Let's evaluate our content-based recommendation system using a simple approach:

In [None]:
def evaluate_recommendations(n_users=10, n_recommendations=10):
    # Sample users for evaluation
    sampled_users = merged_data['UserID'].sample(n_users).unique()
    
    # Metrics to track
    results = {
        'user_id': [],
        'recommendation_type': [],
        'num_recommendations': []
    }
    
    # Get recommendations for each user
    for user_id in sampled_users:
        recommendations, rec_type = recommend_movies(user_id, n=n_recommendations)
        
        results['user_id'].append(user_id)
        results['recommendation_type'].append(rec_type)
        results['num_recommendations'].append(len(recommendations))
    
    # Create a DataFrame of results
    results_df = pd.DataFrame(results)
    
    # Calculate coverage metrics
    coverage = results_df[results_df['num_recommendations'] > 0].shape[0] / n_users * 100
    
    # Count recommendation types
    rec_type_counts = results_df['recommendation_type'].value_counts(normalize=True) * 100
    
    print(f"Recommendation coverage: {coverage:.2f}%")
    print("Recommendation type distribution:")
    display(rec_type_counts)
    
    return results_df

# Run evaluation
eval_results = evaluate_recommendations(n_users=20, n_recommendations=10)
display(eval_results)

## 10. Interactive Recommendation Example

Let's create an interactive function to get recommendations for any user:

In [None]:
def get_user_recommendations(user_id=None, n=10):
    # If no user_id provided, select a random one
    if user_id is None:
        user_id = merged_data['UserID'].sample(1).values[0]
    
    # Check if user exists
    if user_id not in merged_data['UserID'].values and user_id not in users['UserID'].values:
        print(f"User {user_id} not found!")
        return
    
    # Get user info
    user_info = users[users['UserID'] == user_id]
    if not user_info.empty:
        age = user_info['Age'].values[0]
        gender = user_info['Gender'].values[0]
        age_group = map_age_group(age)
        print(f"User {user_id} - Age: {age} ({age_group}), Gender: {gender}")
    
    # Get recommendations
    recommendations, rec_type = recommend_movies(user_id, n=n)
    
    print(f"\nRecommendation type: {rec_type}")
    
    if recommendations.empty:
        print("No recommendations found!")
    else:
        # Clean up the display format
        if 'Genres' in recommendations.columns:
            recommendations['Genres'] = recommendations['Genres'].apply(lambda x: ', '.join(x) if isinstance(x, list) else x)
        
        # Display recommendations
        display(recommendations[['Title', 'similarity']] if 'similarity' in recommendations.columns 
                              else recommendations[['Title', 'mean']])
    
    return recommendations

# Test the function with a random user
random_user = merged_data['UserID'].sample(1).values[0]
get_user_recommendations(random_user, n=10)

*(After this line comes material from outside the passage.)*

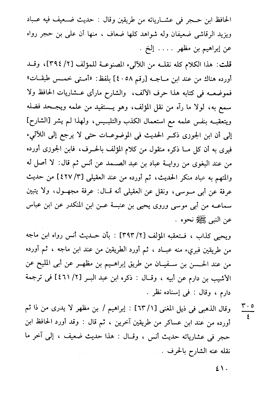 قلت: هذا الكلام كله نقله من اللآلئ المصنوعة للمؤلف [2/ 394]، وقد أورده هناك من عند ابن ماجه [رقم 4058] بلفظ: "أمتى خمس طبقات" فموضعه في كتابه هذا حرف الألف، والشارح ما رأى عشاريات الحافظ ولا سمع به، لولا ما رآه من نقل المؤلف، وهو يستفيد من علمه ويجحد فضله ويتعقبه بنفس علمه مع استعمال الكذب والتلبيس، ولهذا لم يشر [الشارح] إلى أن ابن الجوزى ذكر الحديث في الموضوعات حتى لا يرجع إلى اللآلئ فيرى به أن كل ما ذكره منقول من كلام المؤلف بالحرف، فابن الجوزى أورده من عند البغوى من رواية عباد بن عبد الصمد عن أنس ثم قال: لا أصل له والمتهم به عباد منكر الحديث، ثم أورده من عند العقيلى [3/ 427] من حديث عرفة عن أبي موسى، ونقل عن العقيلى أنه قال: عرفة مجهول، ولا يتبين سماعه من أبي موسى وروى يحيى بن عنبسة عن ابن المنكدر عن ابن عباس عن النبي -صلى اللَّه عليه وسلم- نحوه.

## 11. Conclusion and Future Work

In this notebook, we implemented a content-based movie recommendation system based on the approach described in the paper by Surendiran & Syed Ibrahim. The system has the following key features:

1. **Content-based filtering** using movie genres
2. **Temporal aspects** by focusing on recent high-rated movies
3. **Demographic-based recommendations** for cold start problems

Future improvements could include:
- Incorporating collaborative filtering for a hybrid approach
- Adding more content features (directors, actors, plot keywords)
- Implementing A/B testing to evaluate recommendation quality
- Adding real-time user feedback mechanisms

The current system follows the main concepts from the reference paper, particularly focusing on temporal aspects and demographic attributes to enhance recommendation quality.